[Opening The records section]
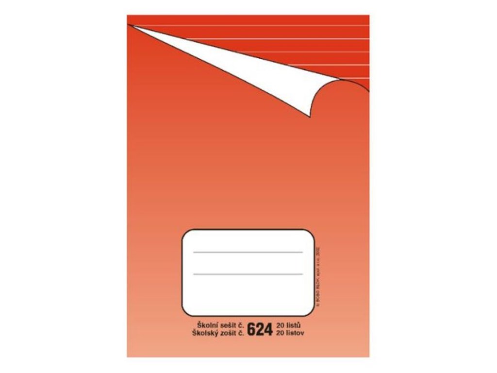 školní sešit č.624, formát A6, 20 listů, linkovaný, 70g/m2Školní notýsek s klasickým designem. Linky mají 8 mm rozsah. Vyrobený z bezdřevého papírů. Bezdřevý papír znamená, že sešit byl vyroben z vláken neobsahující dřevní hmotu. 20 linkovaných stránek je ve formátu A6. Papír má gramáž 70g/m2. Narozdíl od jiných značek školních sešitů, které mají většinou pouze 60g/m2. Vyšší gramáž papíru znamená vyšší pevnost v ohybu i tahu; vyšší gramáž zajistí menší průsvitnost a lepší kvalitu psaní.
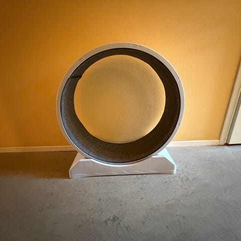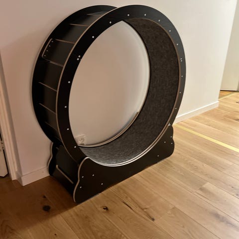 Helt nytt Katt-hjul träningshjul för katter. Hjulet har en robust stomme i svart trä och en insida klädd med grå matta för bättre grepp. Konstruktionen står på en stabil bas som gör att hjulet kan rulla fritt när katten springer i det. Produkten är lämplig för aktivering och motion av katt i hemmet.
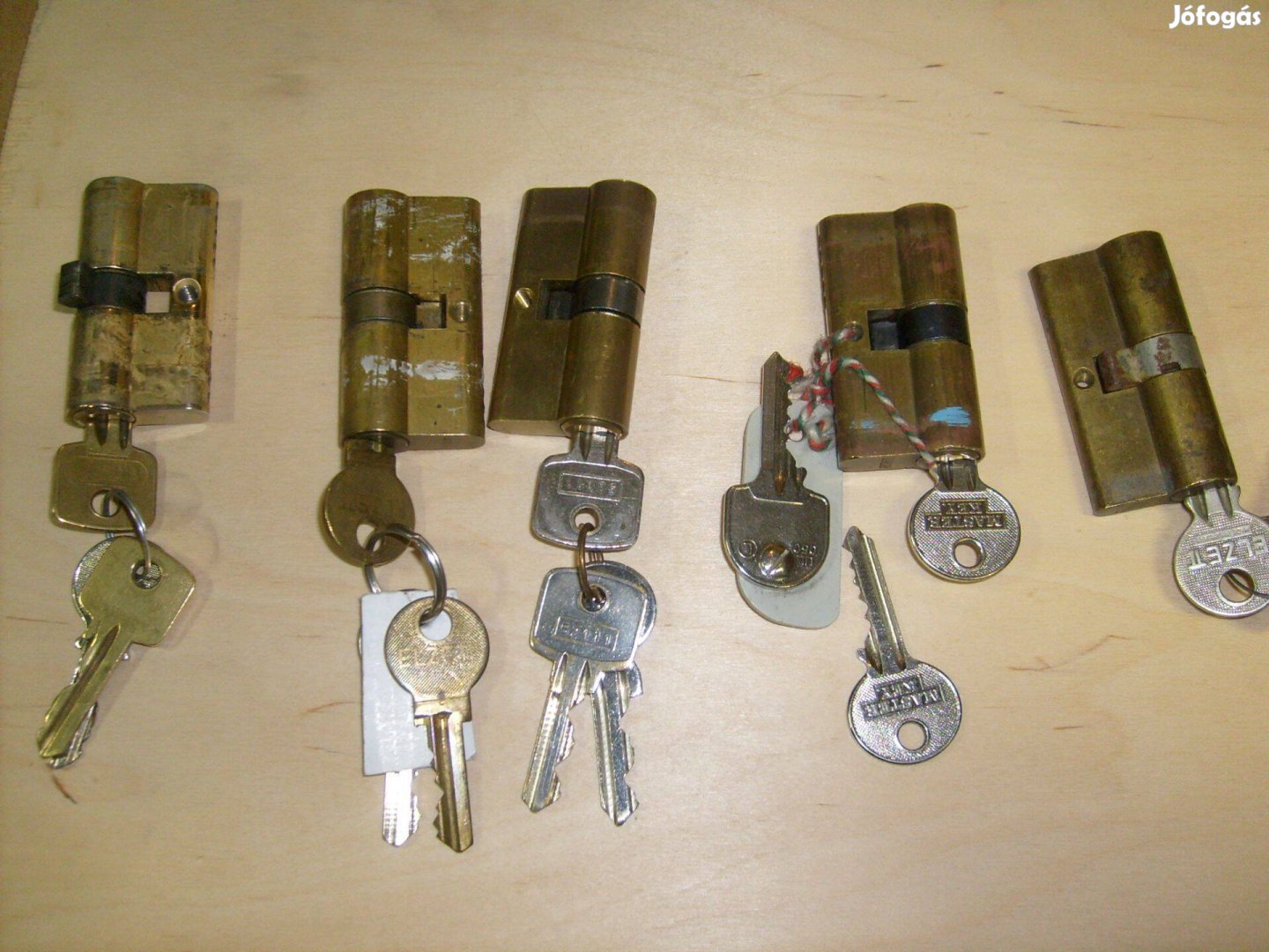 Van : 30 / 30 as réz, 2 il. 3 kulcsal 1 db. 30 / 55 ös réz heveder zárhoz 1 kulcs ' db. vadi új 37/37 Crova ferdén llapolt és 1 db. Crva 30 / 60 Turris hev. zárhoz 3 kulcsal.
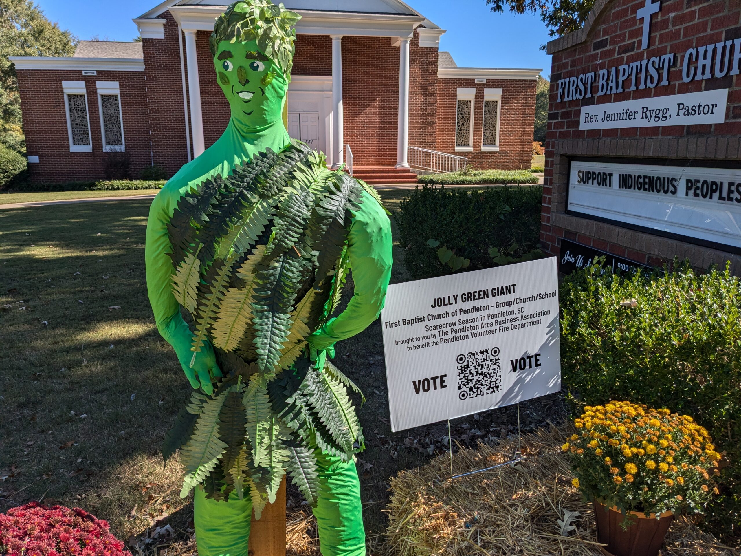 There is an upcoming election, not with the weight of the Nov 5 election, but still near to our hearts, and that is the Town of Pendleton Scarecrow Competition voting, which is open and will continue until Saturday, Oct 26 at noon! Our scarecrow is in the Group/Church/School category.
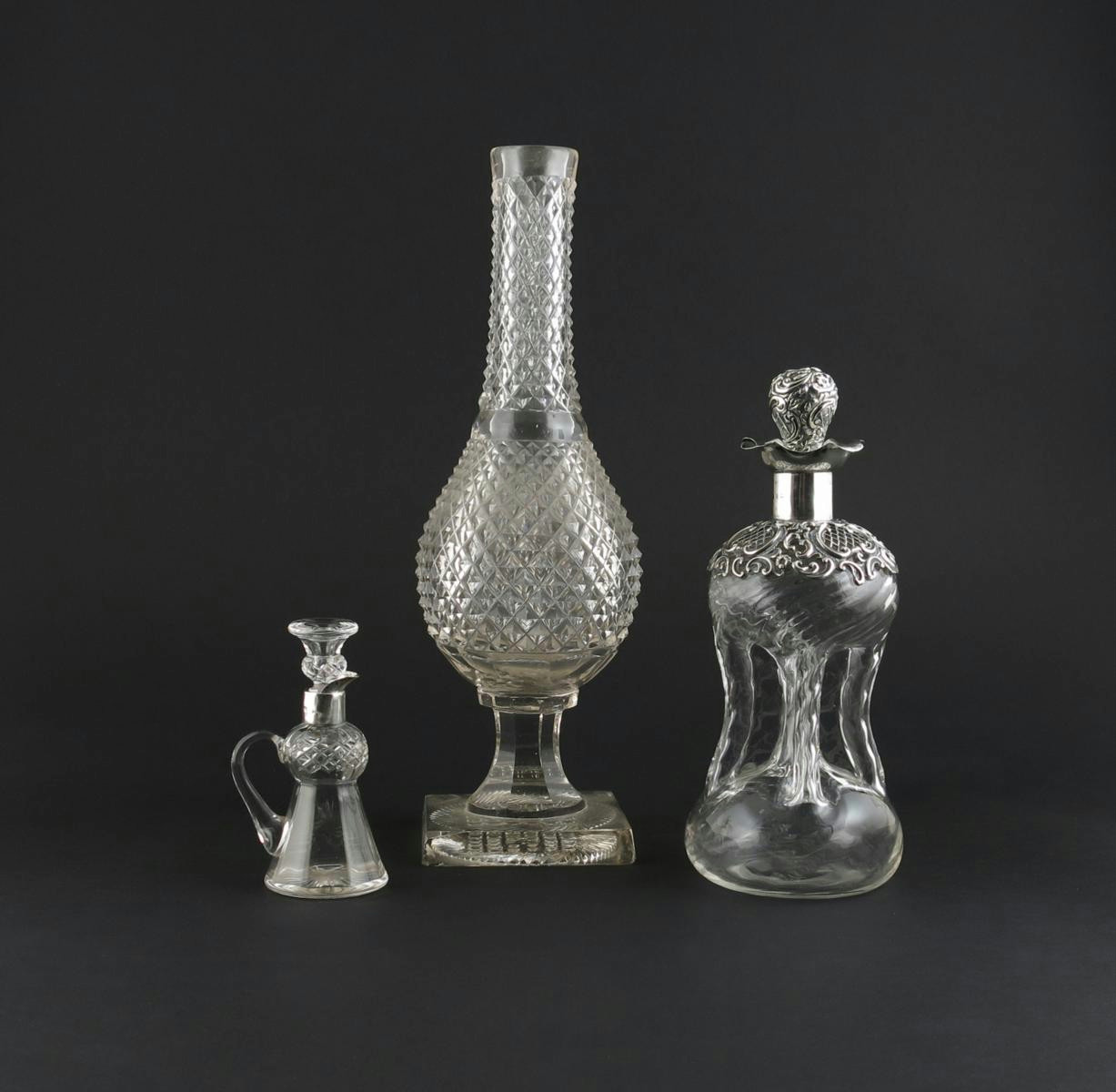 A cruciform silver-mounted carafe and stopper 19th century, with silver pierced panels and C scrolls extending over the shoulder, Birmingham hallmark, a tall cut glass vase raised on a heavy square base, and a silver-mounted oil jug and stopper, 34.2cm max. (5)
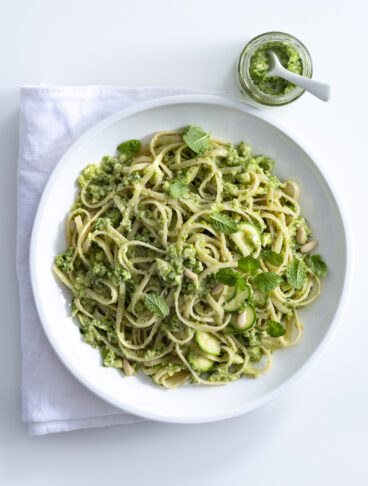 3 Mescolate tutte le verdure in un piatto, aggiungendo la rucola o gli spinacini, una manciatina di foglie di basilico, olio e sale.
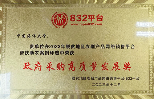 据悉,全国脱贫地区农副产品网络销售平台(“832平台”)是中国供销电子商务有限公司按照财政部、农业农村部、国家乡村振兴局、中华全国供销总社的有关要求建设运营的脱贫地区农副产品网络销售平台。平台每年组织消费帮扶助农评选表彰工作,学校已连续2年获评“政府采购高质量发展奖”。
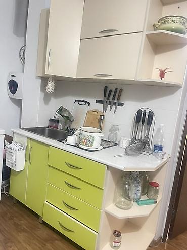 - Кухонный гарнитур: нижние тумбы с раковиной и столешницей светлого камня, три выдвижных ящика и боковая открытая секция-полка. Верхние навесные шкафы со створками и открытой угловой полкой. Фасады комбинированные: светло-бежевые и салатовые, ручки-скобы металлик. Есть рейка-магнит для ножей.
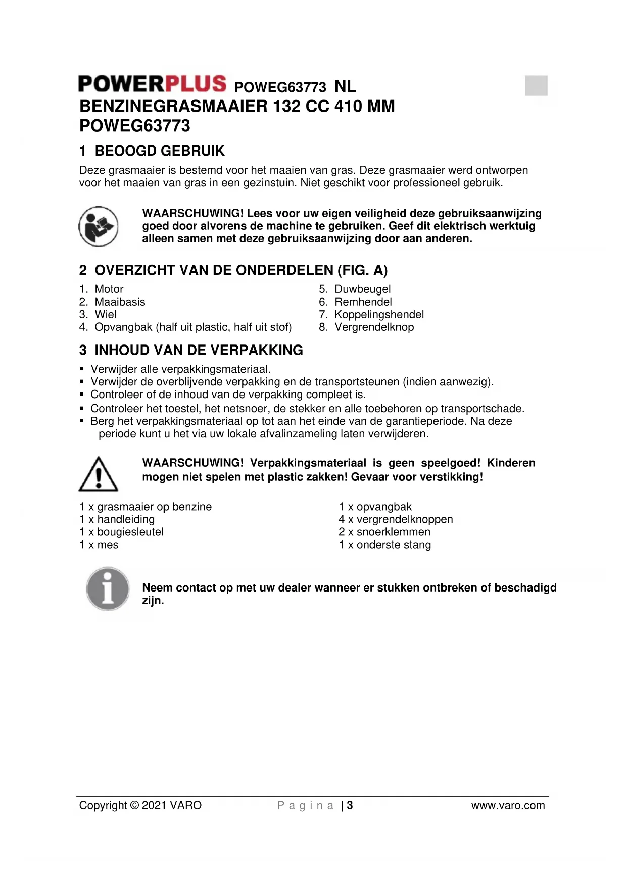 - Berg het verpakkingsmateriaal op tot aan het einde van de garantieperiode. Na deze periode kunt u het via uw lokale afvalinzameling laten verwijderen. WAARSCHUWING! Verpakkingsmateriaal is geen speelgoed! Kinderen mogen niet spelen met plastic zakken! Gevaar voor verstikking! 1 x grasmaaier op benzine 1 x handleiding 1 x bougiesleutel 1 x mes 1 x opvangbak 4 x vergrendelknoppen 2 x snoerklemmen 1 x onderste stang Neem contact op met uw dealer wanneer er stukken ontbreken of beschadigd zijn.POWEG63773 NL Copyright © 2021 VARO P a g i n a | 4 www.varo.com
[Closing The records section]
**Activity**
Output the data verbatim, images excluded.

**Result**
 školní sešit č.624, formát A6, 20 listů, linkovaný, 70g/m2Školní notýsek s klasickým designem. Linky mají 8 mm rozsah. Vyrobený z bezdřevého papírů. Bezdřevý papír znamená, že sešit byl vyroben z vláken neobsahující dřevní hmotu. 20 linkovaných stránek je ve formátu A6. Papír má gramáž 70g/m2. Narozdíl od jiných značek školních sešitů, které mají většinou pouze 60g/m2. Vyšší gramáž papíru znamená vyšší pevnost v ohybu i tahu; vyšší gramáž zajistí menší průsvitnost a lepší kvalitu psaní.
 Helt nytt Katt-hjul träningshjul för katter. Hjulet har en robust stomme i svart trä och en insida klädd med grå matta för bättre grepp. Konstruktionen står på en stabil bas som gör att hjulet kan rulla fritt när katten springer i det. Produkten är lämplig för aktivering och motion av katt i hemmet.
 Van : 30 / 30 as réz, 2 il. 3 kulcsal 1 db. 30 / 55 ös réz heveder zárhoz 1 kulcs ' db. vadi új 37/37 Crova ferdén llapolt és 1 db. Crva 30 / 60 Turris hev. zárhoz 3 kulcsal.
 There is an upcoming election, not with the weight of the Nov 5 election, but still near to our hearts, and that is the Town of Pendleton Scarecrow Competition voting, which is open and will continue until Saturday, Oct 26 at noon! Our scarecrow is in the Group/Church/School category.
 A cruciform silver-mounted carafe and stopper 19th century, with silver pierced panels and C scrolls extending over the shoulder, Birmingham hallmark, a tall cut glass vase raised on a heavy square base, and a silver-mounted oil jug and stopper, 34.2cm max. (5)
 3 Mescolate tutte le verdure in un piatto, aggiungendo la rucola o gli spinacini, una manciatina di foglie di basilico, olio e sale.
 据悉,全国脱贫地区农副产品网络销售平台(“832平台”)是中国供销电子商务有限公司按照财政部、农业农村部、国家乡村振兴局、中华全国供销总社的有关要求建设运营的脱贫地区农副产品网络销售平台。平台每年组织消费帮扶助农评选表彰工作,学校已连续2年获评“政府采购高质量发展奖”。
 - Кухонный гарнитур: нижние тумбы с раковиной и столешницей светлого камня, три выдвижных ящика и боковая открытая секция-полка. Верхние навесные шкафы со створками и открытой угловой полкой. Фасады комбинированные: светло-бежевые и салатовые, ручки-скобы металлик. Есть рейка-магнит для ножей.
 - Berg het verpakkingsmateriaal op tot aan het einde van de garantieperiode. Na deze periode kunt u het via uw lokale afvalinzameling laten verwijderen. WAARSCHUWING! Verpakkingsmateriaal is geen speelgoed! Kinderen mogen niet spelen met plastic zakken! Gevaar voor verstikking! 1 x grasmaaier op benzine 1 x handleiding 1 x bougiesleutel 1 x mes 1 x opvangbak 4 x vergrendelknoppen 2 x snoerklemmen 1 x onderste stang Neem contact op met uw dealer wanneer er stukken ontbreken of beschadigd zijn.POWEG63773 NL Copyright © 2021 VARO P a g i n a | 4 www.varo.com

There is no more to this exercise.